As the skipping rope?
It sounds simple and easy, but if you get used to it could be very difficult because you do not just randomly jump, you're using a rope with which your ability to have a rope skipping handle the needs of the jumping technique and experience want to pass the correct amount.
Jump Starter
I'll show you how efficient and fair to jump the rope in order to maximize results in the shortest possible time - the results as a full cardio workout for the body, heart andLung; metabolism helps burn calories and help to improve the strength of strength and coordination, to name a few.
Before jumping
Wear cushioned shoes such as sneakers or running shoes with extra padding for extra support Use the correct length of rope skipping. It should be neither too long nor too short. This is to prevent accidents and travel. The cable length should be from the armpits to extend the foot when measured against yourFramework Get a rope, the lightweight and / or adjusted Find a soft surface like dirt or soft carpet / hardwood floor, jump up Choose an open space to jump rope
For beginners
First, the case without a jump rope. Try to jump and land on the balls of pace.

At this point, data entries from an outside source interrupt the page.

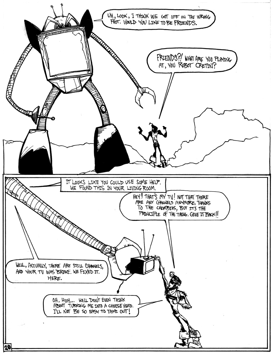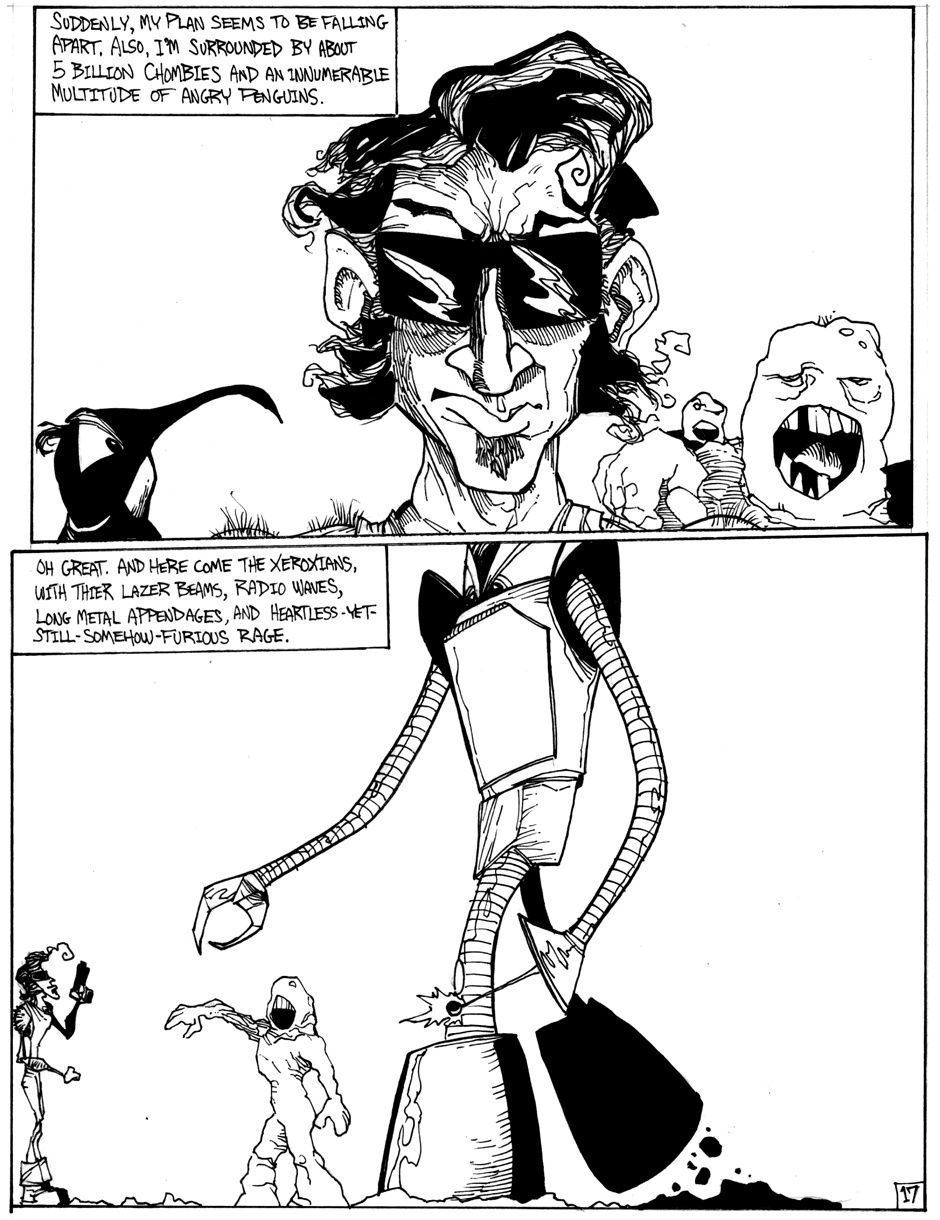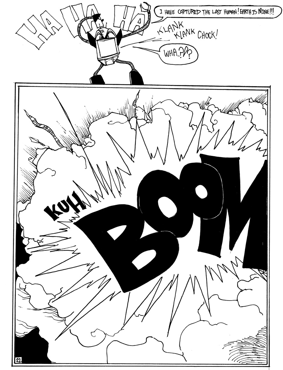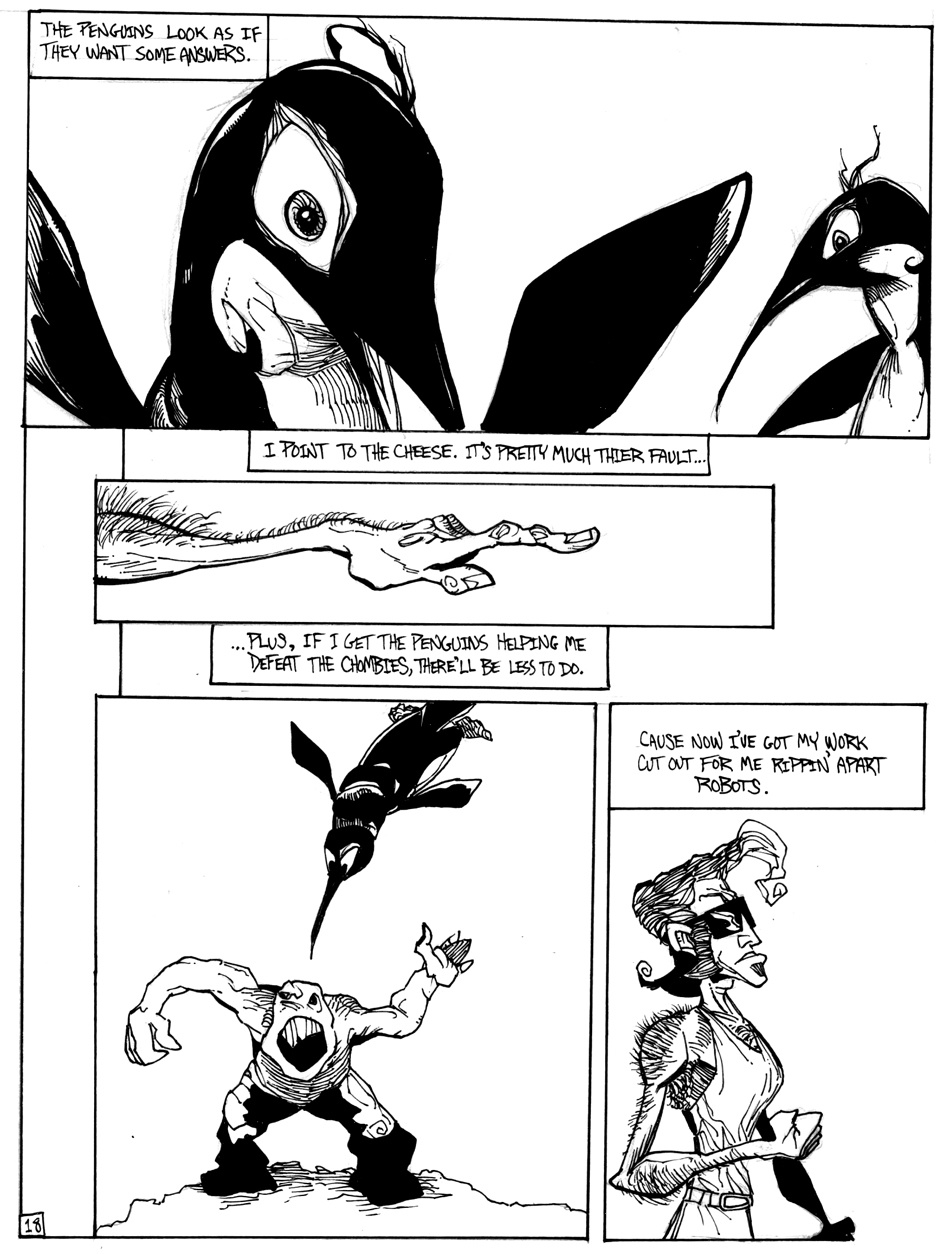 A story of good (sort of) triumphing over evil (definitely), featuring Hamm Sammitch, unlikely hero of a post-apocalyptic, cheddar-zombie infested world. And they aren't even the true menace orchestrating this dark, yet all-too-believable, probable future! Drawn in a 24-hour comic book challenge.
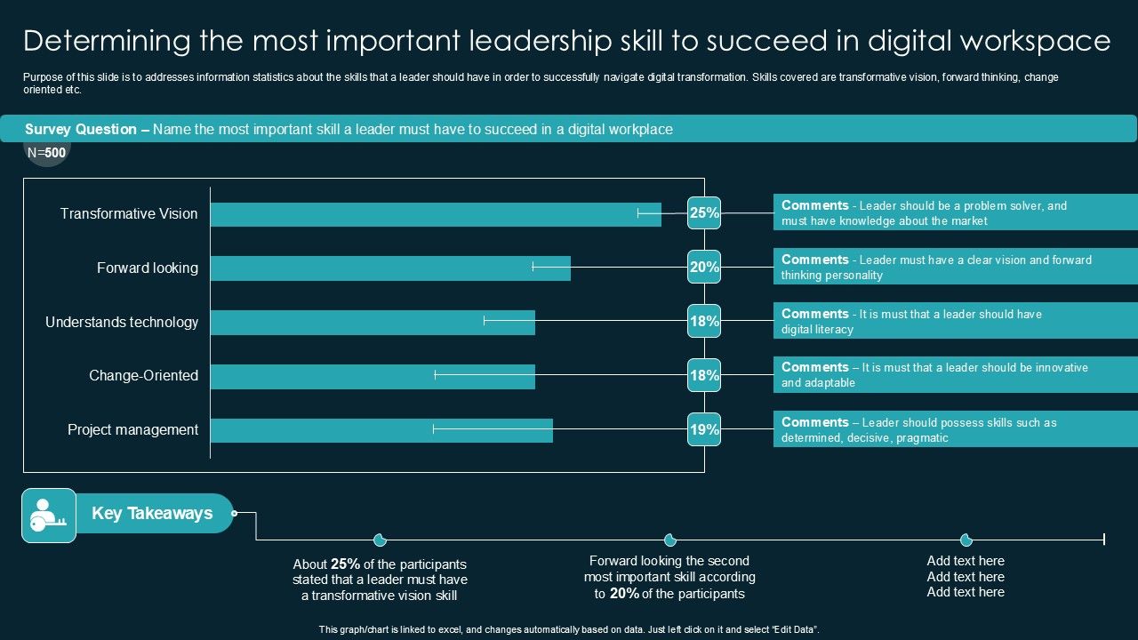 Purpose of this slide is to addresses information statistics about the skills that a leader should have in order to successfully navigate digital transformation. Skills covered are transformative vision, forward thinking, change oriented etc. This Determining The Most Important Leadership Skill To Succeed In Digital Workspace Topics PDF is perfect for any presentation, be it in front of clients or colleagues. It is a versatile and stylish solution for organizing your meetings. The product features a modern design for your presentation meetings. The adjustable and customizable slides provide unlimited possibilities for acing up your presentation. Slidegeeks has done all the homework before launching the product for you. So, do not wait, grab the presentation templates today
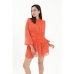 Büzgülü Puantiyeli Şifon Elbise - Turuncu-turuncu
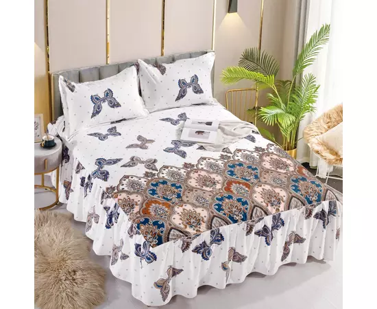 Cearceaf De Pat Cu Volane si 2 Fete De Perna Bumbac Finet - JOJ87
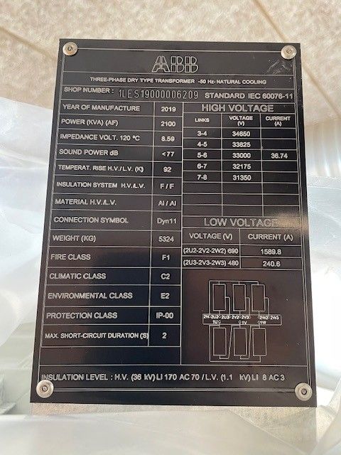 Artykuł TRAFO 2100kVA 50Hz ¤ 33KV
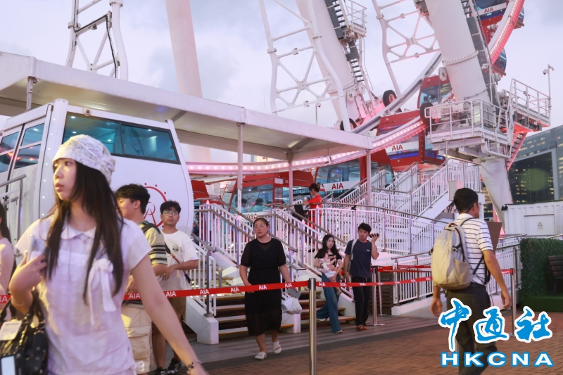 •   10月8日,內地國慶黃金周和中秋一連8日長假期進入尾聲,根據香港入境處數據,10月1日至7日共錄得約129.5萬人次內地客訪港,去年同期則有121.6萬人次內地客來港。換言之,今年黃金周訪港內地客人次打破去年紀錄。關於香港旅遊的競爭力,香港旅遊界人士及內地客均指出,來港旅遊有跨境感,且香港貨品多元,能買到內地沒有的牌子,同時在港買金等也較內地劃算。圖為遊客在中環乘搭摩天輪。(香港中通社 鄧子傑攝) 香港中通社圖片
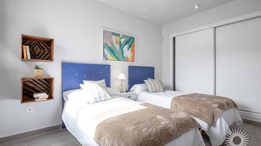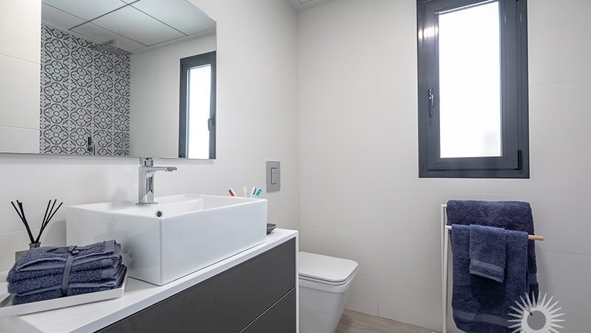 Das Erdgeschoss besteht aus einer offenen Küche /Essbereich, Wohnzimmer mit Zugang zur Terrasse, Hauptschlafzimmer mit en-suite, zwei weiteren Schlafzimmern und einem Gäste-WC. Eine Treppe führt zu einem 53 m² großen privaten Dachsolarium.
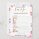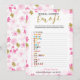 Un delicado juego moderno de "Adivinanza de emojis" con patrón floral para despedida de soltera, el diseño presenta un estampado floral en rosa y dorado. Esta tarjeta está personalizada con el nombre de la futura novia y la fecha de la celebración.
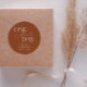 Minimalistisches Hochzeitsessen Probe Gunst-Aufkleber mit Typografie-Text, der "noch einen Tag" sagt. Der Hintergrund ist Terrakotta.
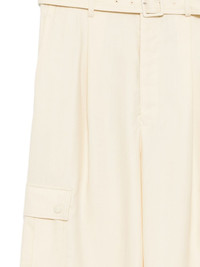 structured double cloth cargo pants Highlights - Ivory - Concealed front button, hook and zip fastening - Detachable waist belt - Two side cargo pockets Imported Composition Wool 100% Washing instructions Dry Clean Only
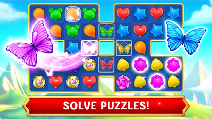 Belle's amazing adventure has taken her to a world she never knew existed. Far above the land, hidden by the clouds, is a city made entirely out of balloons. A great gust of wind has stirred up trouble in this beautiful world, mixing up all of the colors and causing parts of the city to disappear! Only Belle can put things in order, and she's got just the match 3 skills to do it!
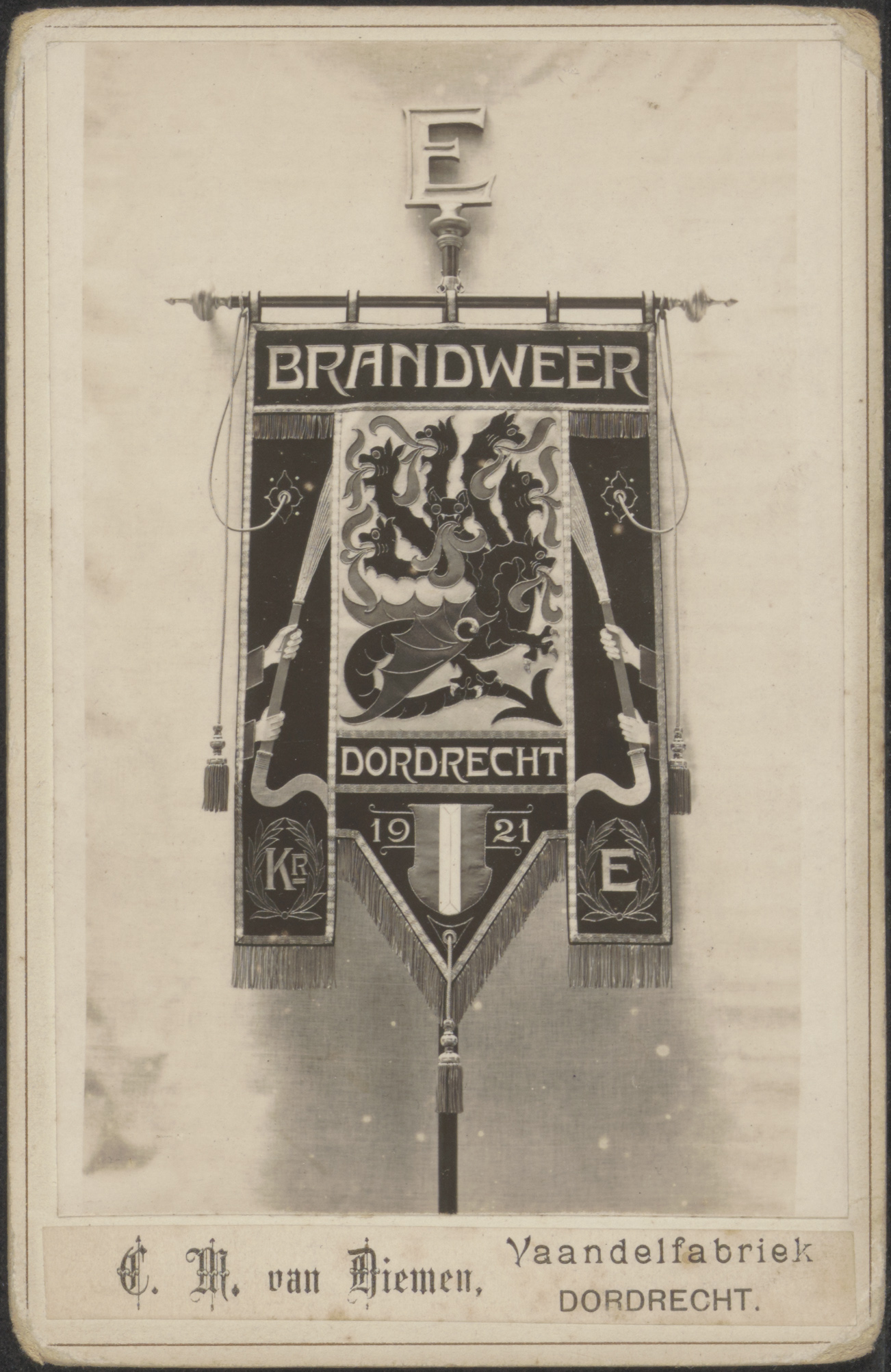 - Een vaandel van de Brandkring E. van de Vrijwillige Brandweer Dordrecht, 1921.
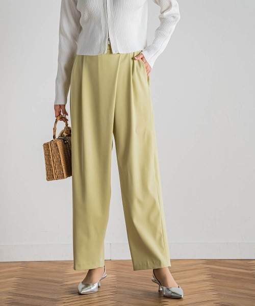 【デザインポイント・着こなしポイント】 アシンメトリーなラップデザインとゆるやかなカーブのシルエットが着映えを叶える新しいパンツ。 マニッシュなムードと女性らしさを兼ね備えたムードでクロップドトップスとの相性抜群です。 後ろウエストはゴム仕様で楽な穿き心地に。 フロントにはギャザーを入れておらずフロントインの着こなしもすっきりときまります。 程よい膨らみ感のあるマットなダブルクロスの素材で、 高密度ならではのフォルムがデザインにマッチした1枚です。 シワになりにくくデイリー使いに扱いやすい素材です。 ---------------------------------- 洗濯方法 家庭洗濯:液温は40℃を限度とし、洗濯機で弱い洗濯ができる。 自然乾燥:日蔭の吊り干しがよい。 アイロン:底面温度110℃を限度としてアイロン仕上げができる。 ドライクリーニング:石油系溶剤による弱いドライクリーニングができる。 ---------------------------------- ※画像の商品はサンプルとなりますので実際の商品と仕様、加工、サイズが若干異なる場合がございます。 ※お客様のモニター環境により実際のお色と多少異なる場合がございます。 ※撮影状況や光の当たり具合により、色合いが異なって見える場合がございます。 ※商品タグに記載されたサイズはヌードサイズです。実際の商品のサイズは商品情報の実寸をご確認ください。 ▼商品のお気に入り登録 ハートマークをクリックし、お好きなカラーを選んでお気に入りに登録 完売カラーの再入荷通知や、ラスト1点の通知、セールの通知も受け取ることができます。 ▼ブランドのお気に入り登録 新商品や再入荷等、いち早くブランドのお得な情報を受け取ることができます。
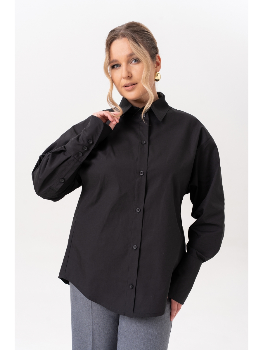 Рубашка оверсайз представляет собой универсальный выбор для современной женщины. Созданная из комфортного материала, эта рубашка обеспечивает идеальное сочетание стиля и удобства. Она отличается свободным кроем и посадкой, что делает её идеальным выбором для повседневного ношения, офисной работы или даже вечеринки. Отлично подходит работникам школы. Рубашка оснащена пуговицами и петлями для застегивания, что обеспечивает удобство в надевании и снятии. На рубашке обработаны воротник и манжеты. Спинка с кокеткой и встречной складкой. Отсутствие декоративных элементов делает её универсальной и подходящей для любого стиля. Гладкая фактура материала и длинные рукава добавляют элегантности и изысканности. Благодаря своему универсальному назначению, эта рубашка подходит как для офисного стиля,  так и для повседневного ношения, и в том числе на выход. Её однотонная структура и бескарманная конструкция делают рубашку идеальным выбором для тех, кто ценит простоту и стиль.
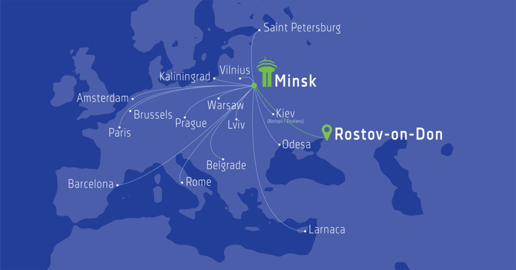 From/to Rostov-On-Don: Amsterdam, Barcelona, Paris, Brussels, Prague, Rome, Kaliningrad, Belgrade, Lviv, Warsaw, Vilnius, Larnaca, Odesa, Kiev, Saint Petersburg.
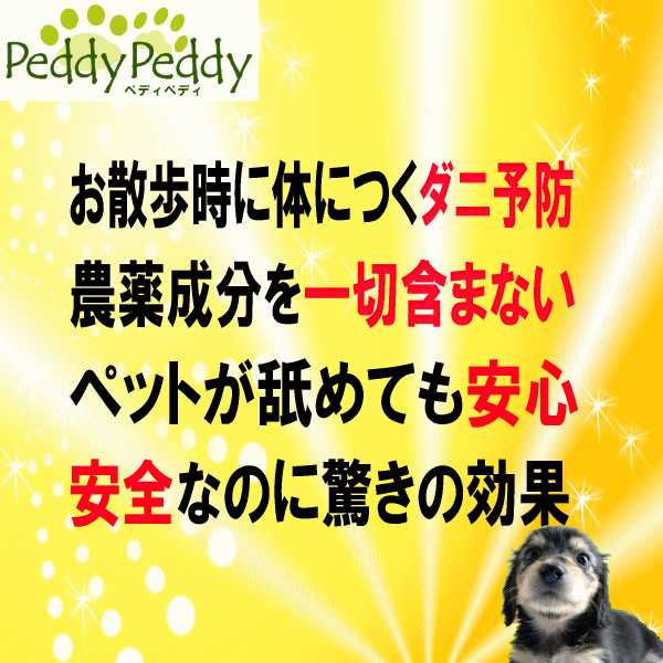 | 商品名 : ぺディぺディ ハーブ スプレー 犬猫用防虫&被毛ケア全身用スプレー 天然ハーブ100%で出来ており、とっても安心してお使い頂けるペット用虫除けスプレーです。お散歩前には忘れずにぺディぺディハーブをシュッシュッとどうぞ… 草むら等に入った時に虫が付くの防ぐ為、お家やベッド等への持ち帰り害虫の防止になりますよ! ぺディぺディハーブは農薬成分を一切使用せず天然ハーブ100%で出来ている安全で安心なペット用虫除け剤(経口毒性試験では、砂糖より安全という結果が得ております。) 独自の経験と技術で厳選した天然ハーブ数種類を使用し、犬や猫などペットの体に寄生するダニやノミ、蚊のような害虫から身を守り、忌避効果を最大限にあげました。害虫からの病気の感染を防ぎ、ペットが快適に過ごせます。また高品質のアロマテラピー(リラックス)効果もあり、ペットのストレス予防にも役立ちます。 ![]() ・お散歩の前にシュシュッとスプレーするだけのお手軽さ! ・ぺディぺディハーブ1回のスプレーで約2~3日効果が持続! ・肌が弱い仔犬・仔猫・ウサギ・ハムスター・小鳥にもお使い頂けます。 ・虫除けの時だけでなく、日常のブラッシングの時もぺディぺディ ハーブをご利用下さい。 長年、ハーブの研究によって誕生した【ハーブ】 レモングラス・ユーカリ・ミントが主成分ですが、調合率や独自の製造方法によって、他社には真似の出来ない安全性の高さと、忌避効果の高さを実現した商品です。 スプレー後は、天然ハーブの香りがしますが、アロマエッセンシャルオイルではありませんので早々に香りはやわらかくなり、その後消えてなくなってしまいます。しかし、ぺディぺディ ハーブの微粒子が被毛に残り、人には感じない成分で数日間虫除け効果を持続します。しかもうれしい事に、べたつかずにすぐに「さらっと感」が出てくるのはうれしいですね… ![]() ・内容量 : 200ml入 ・分 類: ペット用虫除け剤 ・成 分: ハーブ類(レモングラス・ユーカリ・ミント)、インドセンダン(ニーム)、キトサン、グレープフルーツ種子、精製水 ・液 性: 弱酸性 ・使用方法: ペットの衣類・タオル・ハウス・ベット・敷物などにスプレーして下さい。 綿布などに液を含ませ、ペットの体の表面を軽く拭うとより効果が増します。 ・安全性: 参考データ:HERBの安全性について |
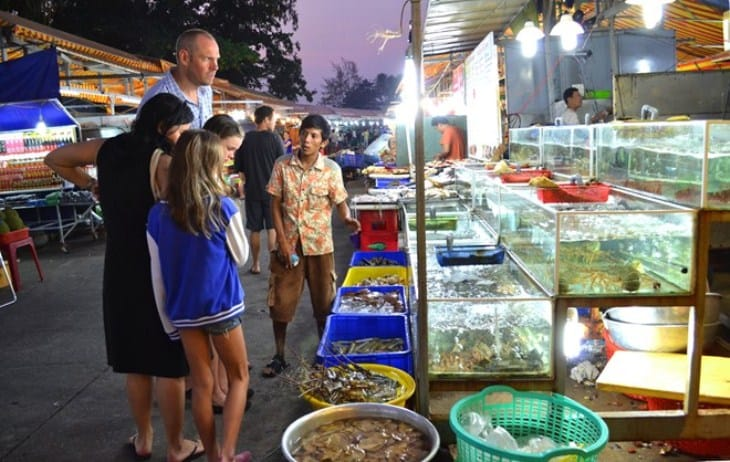 Туристы посещают и выбирают свежие морепродукты на ночном рынке Гань Дау (Фото: Собрано)
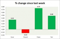 Dollar index trading at 96.10 (+0.10%). Strength meter (today so far) - Euro -0.01%, Franc +0.35%, Yen -0.14%, GBP -0.06% Strength meter (since last week) - Euro +0.34%, Franc +0.75%, Yen +0.48%, GBP -0.13% EUR/USD...
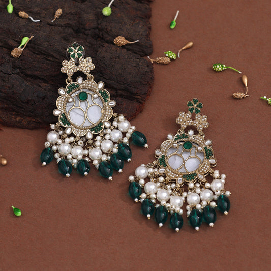 Green Color Mother Of Pearl Kundan Earrings (KDE970GRN)
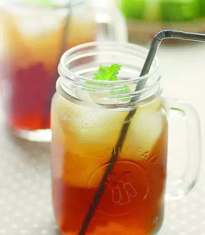 8、薄荷糖浆取100ml放入红茶中,水果放入红茶中,冷藏饮用口味更佳
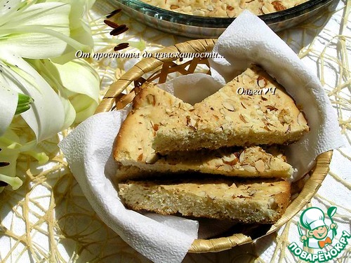 Посыпьте рубленным миндалем, прижмите ложкой, вдавливая миндаль в тесто, разровняйте.
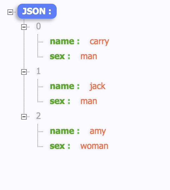 <?php //JSON字符串转PHP数组 $json = '[{"name":"carry", "sex":"man"}, {"name":"jack", "sex":"man"}, {"name":"amy", "sex":"woman"}]' ; echo ($json) ; ?>

Keep your heels off the ground, stand on your toes. Use your knuckles as a feather effect to this eliminates the chance your feet smacking hard on the floor.
How do you copemost of your landing skills. The end result is that you balance with your feet flat and your weight. Continue to practice until you get this.
Jump rope!
OK, finally, jumping rope!
How?
Just hold the rope handles on each of your hand Place the rope behind her back and let the loop hang behind the feet Throw the rope over his head and your feet, jump on him. A good point to jump - jump when you hear theRope on the floor in front of you Use the technique you've learned rhythm to jump first. Take your time. It takes a while 'before you get the timing right One is to try to please turn your attention to a single object. It helps you focus and maintain balance. You can also judge whether the string without them directly They are small cracks, how to save more energy and jump Jump (no trip) and see how long you can do. For starters, you switch to say directly2-3 minutes, 2-3 times a week for 1-2 weeks, let your body and heart to get used to the effects of the jump If you have conditioned your body and more of the heart, you can jump to 50-10 minutes per session, 3-4 times a week for 2-3 weeks Then you are your body and heart are already in good shape, so you should be able to go directly to 15 to 20 minutes per session, 3-4 times a week
Jumping rope is very effective. You know, boxers use it for their packagingBodies.
It 's more efficient execution. Burns about 200-300 calories in a jump of 15 to 20 minutes. You can also make a pleasant exercise.
So try it!
Jump rope for maximum results How?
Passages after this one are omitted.